ReplyDeleteDid you end up switching to Anesthesia from surgery? I am debating getting out of surgery, as well, and I need some advice from people that have done it! Scared to take that leap, but I know it's the right thing to do.
DeleteIm a 3rd year student having a hell of a time trying to figure out what to go into... Its kinda comforting reading your blog and knowing that Im not alone... even though it was written a while ago .... thanks
ReplyDeleteActually i think it is outstanding post. Thank's a lot for your post. Plastic Surgery st. petersburg
ReplyDeleteOf course you had to denigrate other specialties, like all surgeons seem to do - lets pop you into medicine rounds and see how you fare.
ReplyDeleteThis guy sounds like a true coward
ReplyDeleteMy wife (and essentially myself through her experience) recently switched to Medicine after two hellacious years of surgery residency. I cannot believe what they put these people through.

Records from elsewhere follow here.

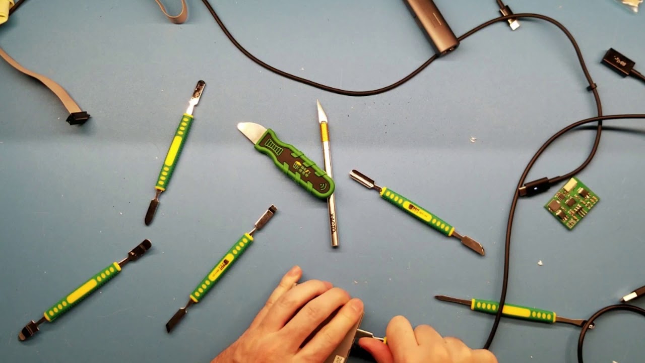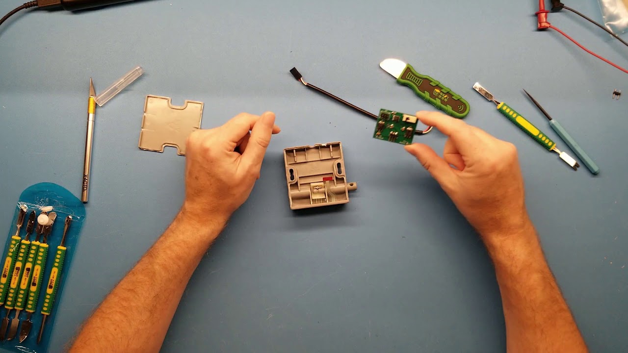 Ich habe das Gehäuse nach einigen Minuten Murksen dann mit zwei kleinen Schraubenziehern, einem Japanmesser und ein paar Gitarren-Plektren aufgekriegt. Richtiges Werkzeug (zB so ein China-Smartphone-Reparatur-Kit) wäre sicher sehr hilfreich dafür. Passt auf, dass ihr die Elektronik nicht nicht beschädigt beim Öffnen. Ich hätte fast versehentlich das Flachbandkabel der Knöpfe vorne kaputtgemacht…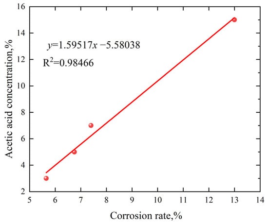 According to the results of the correlation degree between the three acids and the dissolution rate of coal rock, shown in Table 7, the correlation degree between acetic acid and the dissolution rate of coal rock was the largest, standing at 28.86, followed by that of hydrochloric acid; hydrofluoric acid had the weakest correlation. This shows that acetic acid has the greatest influence on the dissolution rate of coal rock, and hydrochloric acid and hydrofluoric acid have a weak influence on the dissolution rate of coal rock. We further clarify the influence of acetic acid on the dissolution rate of coal and rock, working according to the correlation analysis of acetic acid concentrations and the dissolution rates of the different solutions in Table 3, with results shown in Figure 9.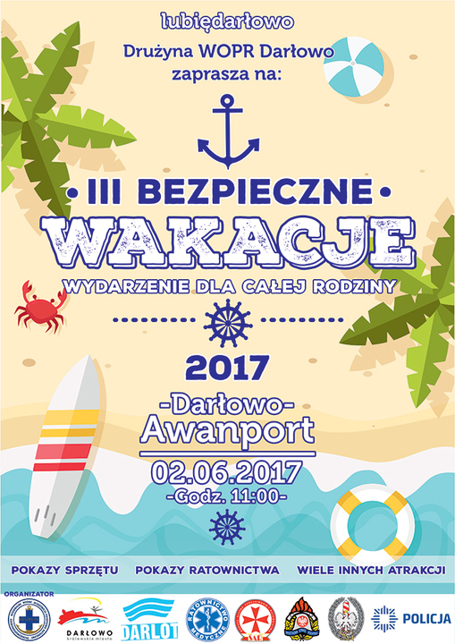 Drużyna WOPR Darłowo zaprasza na III Bezpieczne Wakacje. To wydarzenie o charakterze informacyjnym i edukacyjnym, uczącym prawidłowych zasad zachowania się nad wodą i odpowiedniego reagowania w chwili niebezpieczeństwa czy zagrożenia. Podczas imprezy odbędą się pokazy ratownictwa oraz zaprezentowany zostanie sprzęt ratowniczy. Wydarzenie pełne atrakcji przeznaczone jest dla całych rodzin.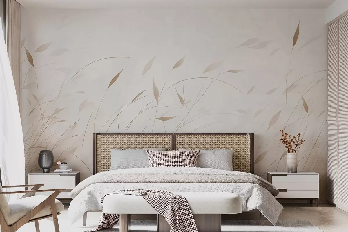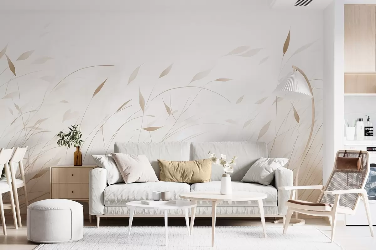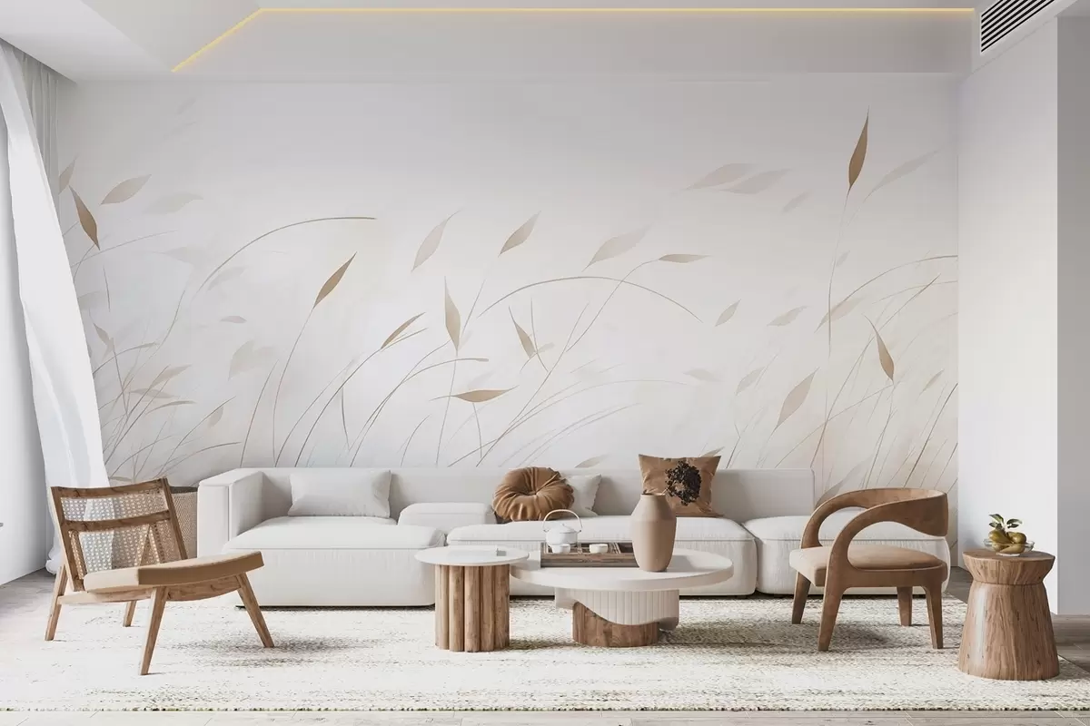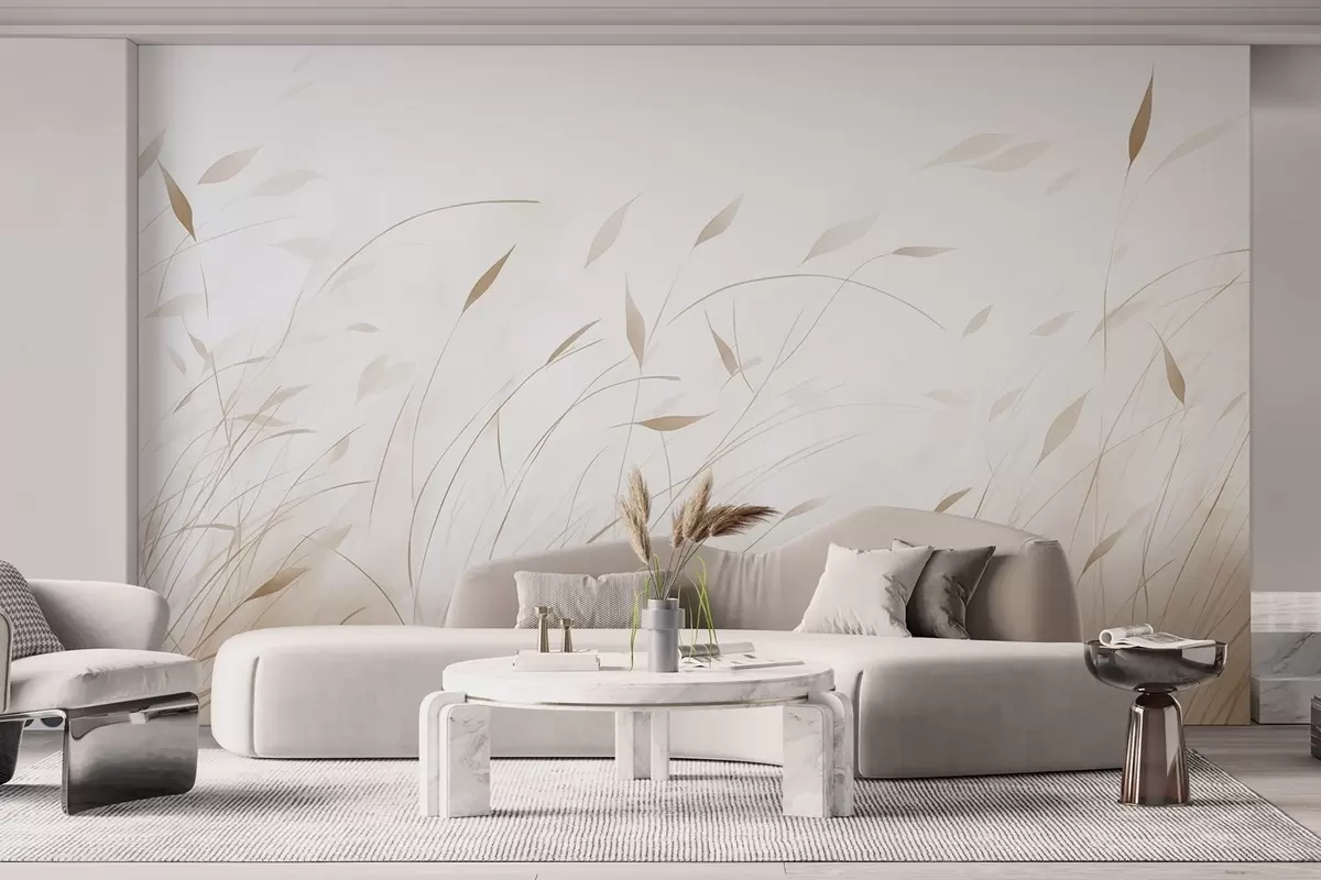 Fotobehang Gras in de wind in aquarelstijl in beige tinten N° w09331v1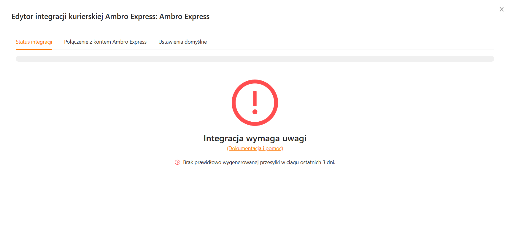 Jeśli sprawdzasz status nowej, dopiero co utworzonej integracji, za pomocą której nie została jeszcze utworzona żadna przesyłka, zobaczysz informację Integracja wymaga uwagi. Podobnie, jeśli w ciągu ostatnich 3 dni nie została utworzona żadna przesyłka z wykorzystaniem danej integracji.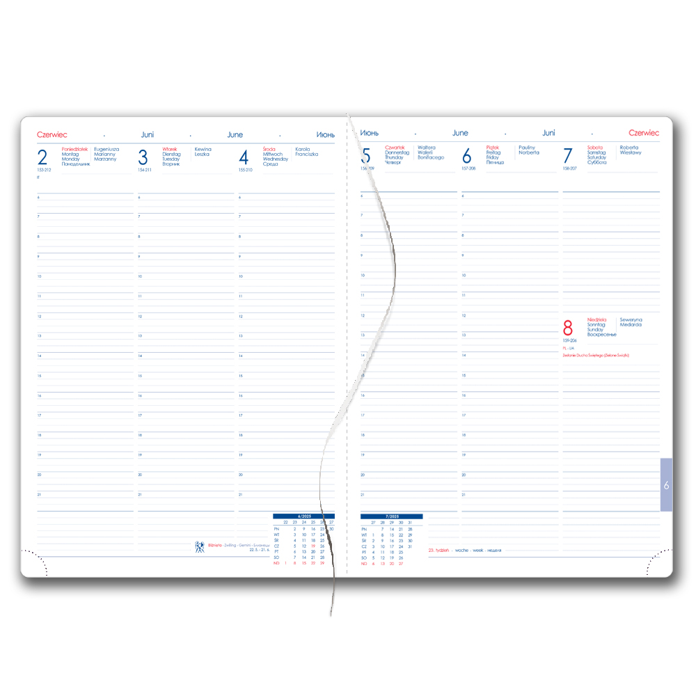 Diár obsahuje: okrúhle odtrhávacie rožky, bielu záložku a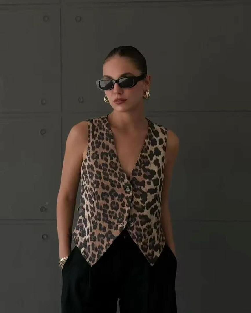 Леопардовые и однотонные жилетки Тренд этого сезона Ткань Милано Посадка Размер 42-44 Цена 1500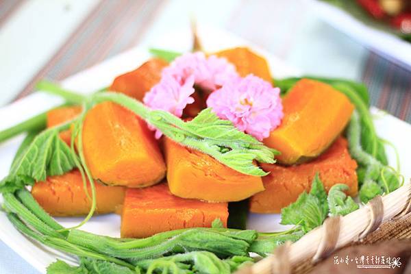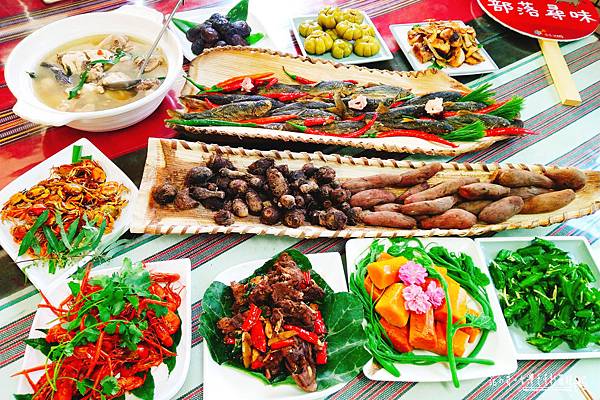・蔬菜類:蒸南瓜、蒸樹薯、段木香菇、車輪苦瓜、山苦瓜、佛手瓜、梅醬龍鬚菜,都是採自部落的新鮮蔬菜!非常新鮮喔!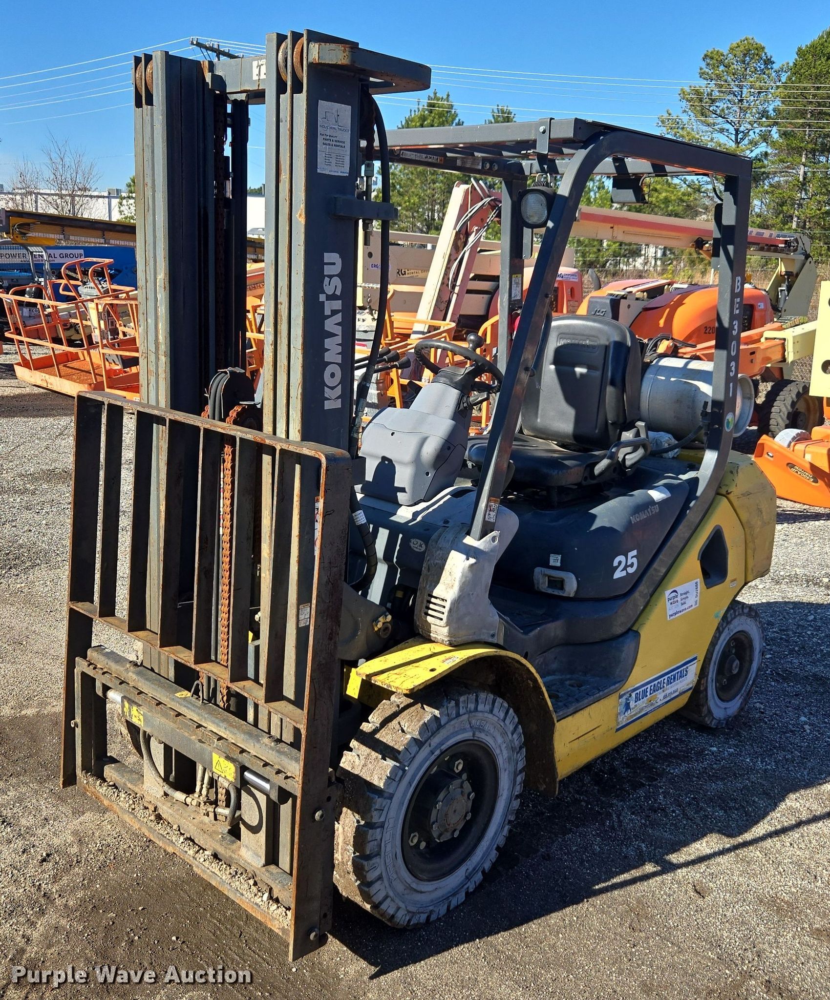 Purple Wave is selling a used Cushion Tire or Pneumatic Forklift in South Carolina. This item is a 2017 Komatsu FG25T-16 forklift with the following: Hours: 1,197 on meter, Serial: A413031, Unit #: BE3031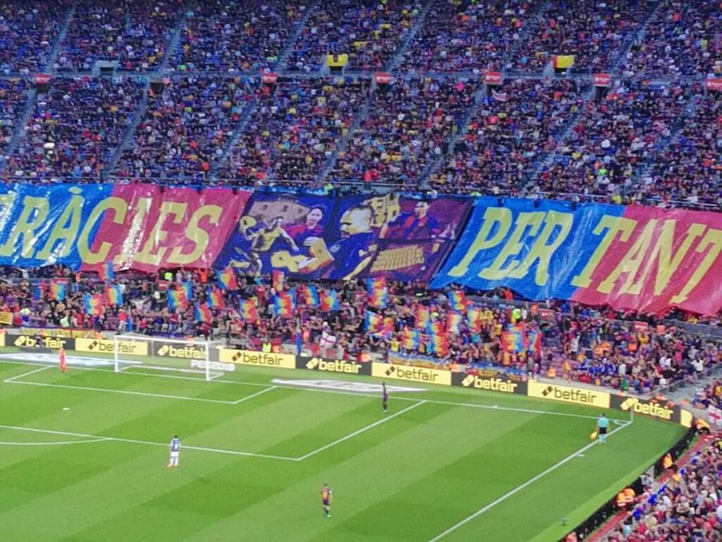 El dia 20, los 18 peruanos y yo, disfrutamos de la magia de su despedida, con el campo lleno y con el campo hecho un mosaico de colores Blau y Grana y con todas las voces al unísono coreando su nombre.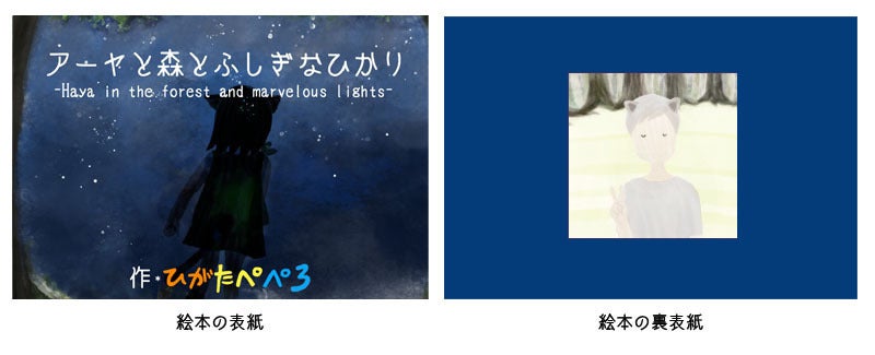 絵本『アーヤと森とふしぎなひかり』の表紙と裏表紙のイラストです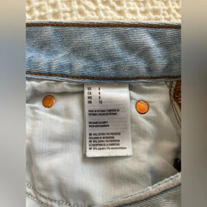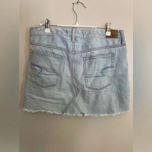 American Eagle Light Denim Distressed Mini Skirt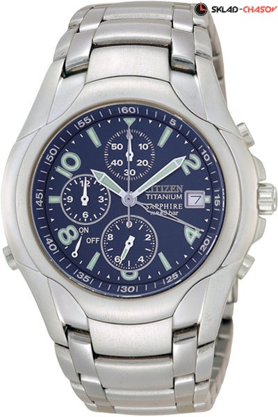 Корпус и браслет из титана, часы, минуты, секунды, индикация числа, секундомер, будильник, люминесцентные стрелки и метки, диаметр 40 мм.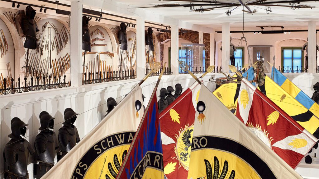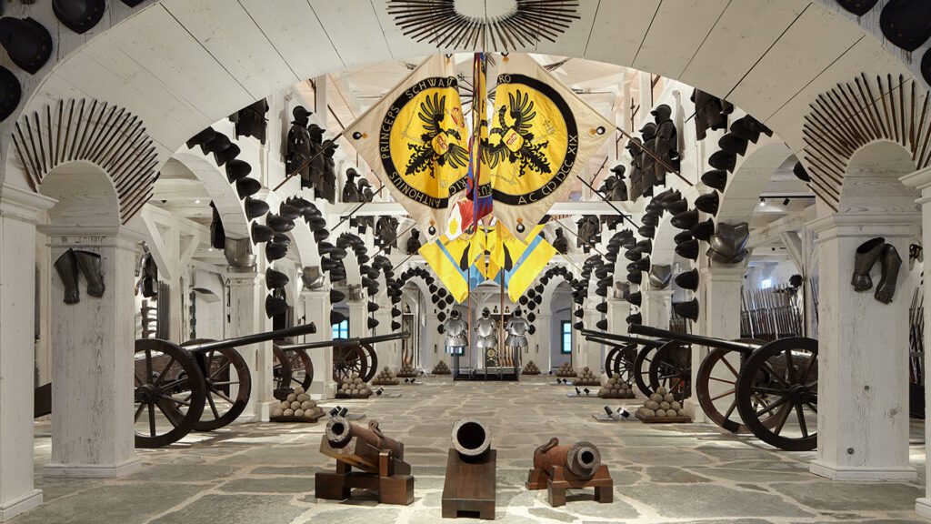 Kanonen, Harnische, Helme, zahlreiche Prunkwaffen – seit 2018 ist im Zeughaus am nördlichen Zugang zur Schlossanlage wieder die einst über 5.000 Objekte umfassende Schauwaffensammlung der Grafen und Fürsten von Schwarzburg-Rudolstadt zu entdecken.

ReplyDeleteI know this post is 10 years old but I came upon it recently and share many of the same sentiments as the author. Is there a way I can get in touch with the author and ask more questions about switching? This is something that I have struggled with throughout surgery residency and I wanted more input on it. Please and thanks
ReplyDeleteOf course. You can email me at zmd.greatzs@gmail.com.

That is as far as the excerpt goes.